Как ни зол был ратсгер на приставшего, но и тот не мог не улыбнуться одобрительною улыбкою.
— Монс выбрал, однако, стойкого ходока… Получите!
И ратсгер, отомкнув маленьким ключиком стоявшую на столе шкатулку, открыл её и вынул вязаный шёлковый кошелёк, туго набитый серебряными деньгами.
— Получите, взяты сполна, — донёс в этот же вечер Монсу передавая деньги, ловкий Ваня.
— Расскажи, пожалуйста, каким чародейством ты выможжил у скряги мои талеры? Это походило бы на сказку, если бы не было правдой. Ты, друг мой, — похлопывая дружески по плечу кончившего рассказ свой Балакирева, решил Монс, — и ловчее, и находчивее не в пример Егора… Стало быть, можно будет скоро спровадить этого вредного человека… С тобой мы не расстанемся… Я от тебя ни в чём не таюсь и не намерен таиться… В помощи моей можешь быть уверен… Смотри, если что окажется, придётся, для приличия племянницу Ильиничны замуж отдать… Ваня опустил невольно голову.

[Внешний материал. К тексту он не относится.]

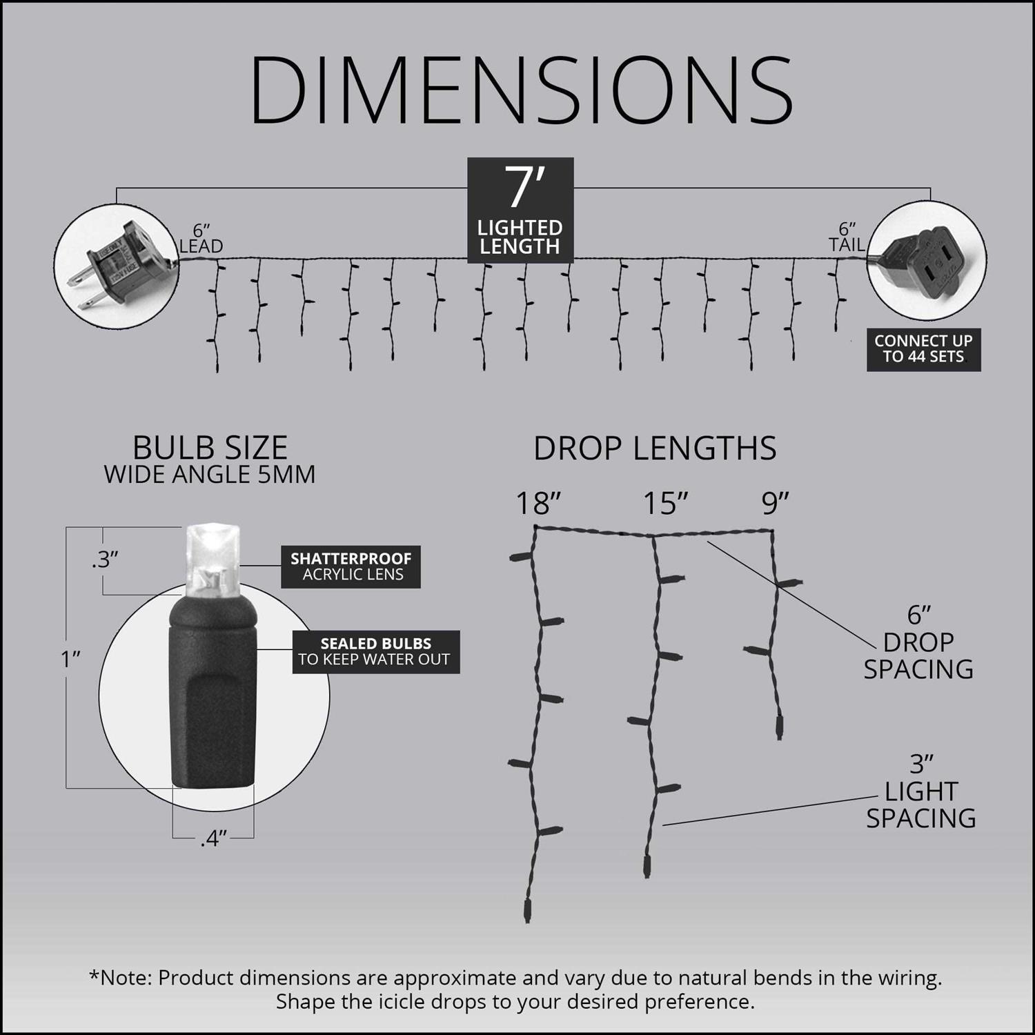 70 5mm White LED Icicle Lights
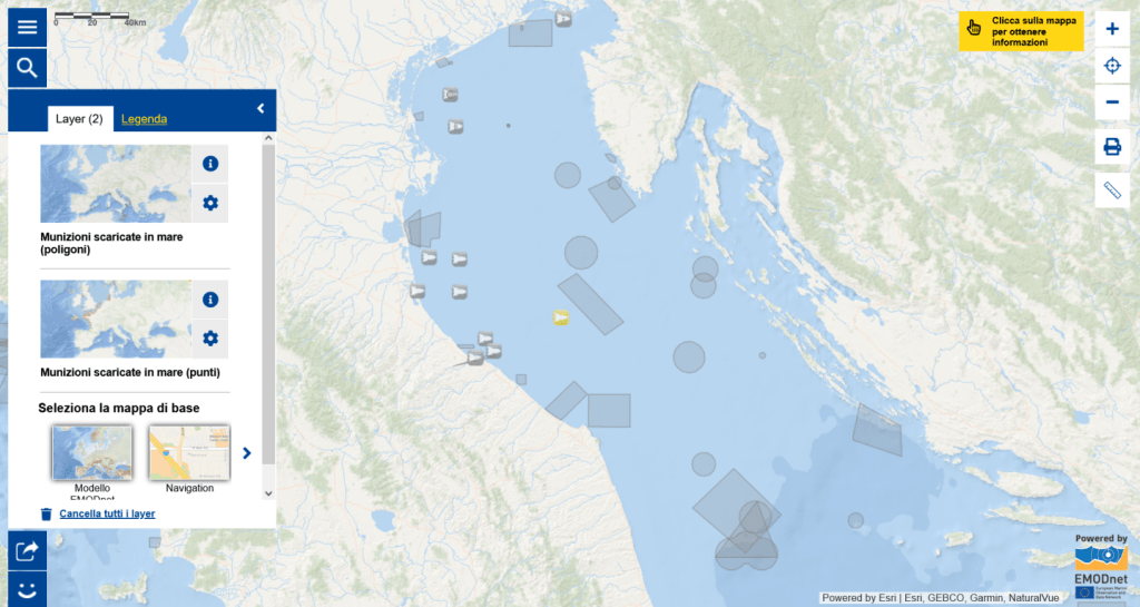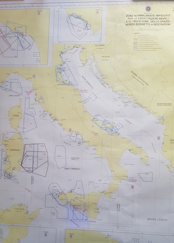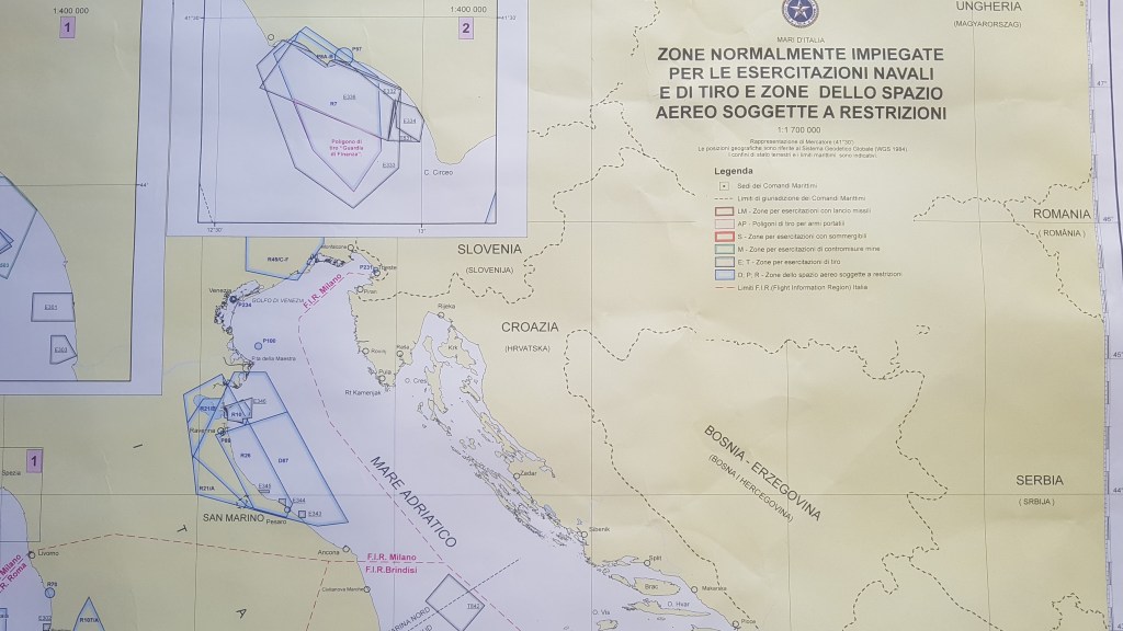 Giochi di guerra in tempo di pace. Dove? Nel Mare Adriatico: versante italiano, soprattutto al centro-nord. Basta aprire gli occhi, oppure consultare la mappa nautica numero 1050 dell’Istituto Idrografico della Marina di Genova (una carta ufficiale derllo Stato italiano), per rendersi conto, ad esempio che da Pescara a Trieste passando per San Benedetto del Tronto (dove al largo di Pedaso è stato affondato dalla Nato il peschereccio Rita Evelin il 26 ottobre 2006 con mare calma piatta e sono stati assassinati tre pescatori), poi Fano, Pesaro, Gabicce, Cattolica, Cervia, Ravenna fino a Venezia e oltre, è un pullulare di zone militarizzate prospicienti la costa e pure le città; aree militari che incombono ovunque, in barba alla Costituzione repubblicana italiana (articolo 11).

— Я не с тем напоминаю, чтобы ставить тебе в вину… Молодость твоя, и она… крепко к тебе привязалась… Все это хорошо мы видим и знаем… Да ты ничего не бойся… Всё будет шито и крыто… Мы своих не выдаём… Хорошо бы было с нашей стороны своего оставить! Одного только требую: не пей так много, чтобы себя не помнить… И то можешь высказать, не помня, что и себя погубишь и других поставить можешь в затруднительное положение…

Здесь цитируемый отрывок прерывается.